Your task - Only the pictures are to be dropped; return all other data below exactly.

*** Recorded data ***

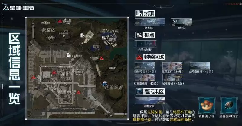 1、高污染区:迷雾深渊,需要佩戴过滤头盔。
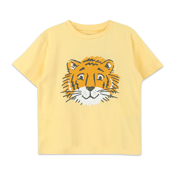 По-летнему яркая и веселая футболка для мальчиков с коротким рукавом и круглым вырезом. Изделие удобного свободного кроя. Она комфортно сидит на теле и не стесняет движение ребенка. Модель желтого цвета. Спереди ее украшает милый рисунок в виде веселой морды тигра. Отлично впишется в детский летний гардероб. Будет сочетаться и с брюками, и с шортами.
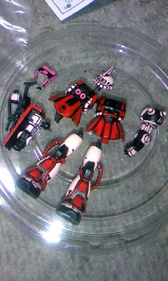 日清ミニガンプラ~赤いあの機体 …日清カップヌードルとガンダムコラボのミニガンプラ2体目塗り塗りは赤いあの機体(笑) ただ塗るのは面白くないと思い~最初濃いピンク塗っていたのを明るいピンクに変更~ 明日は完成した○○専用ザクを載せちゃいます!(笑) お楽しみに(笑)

*** End of Recorded data ***

Finished task -
 1、高污染区:迷雾深渊,需要佩戴过滤头盔。
 По-летнему яркая и веселая футболка для мальчиков с коротким рукавом и круглым вырезом. Изделие удобного свободного кроя. Она комфортно сидит на теле и не стесняет движение ребенка. Модель желтого цвета. Спереди ее украшает милый рисунок в виде веселой морды тигра. Отлично впишется в детский летний гардероб. Будет сочетаться и с брюками, и с шортами.
 日清ミニガンプラ~赤いあの機体 …日清カップヌードルとガンダムコラボのミニガンプラ2体目塗り塗りは赤いあの機体(笑) ただ塗るのは面白くないと思い~最初濃いピンク塗っていたのを明るいピンクに変更~ 明日は完成した○○専用ザクを載せちゃいます!(笑) お楽しみに(笑)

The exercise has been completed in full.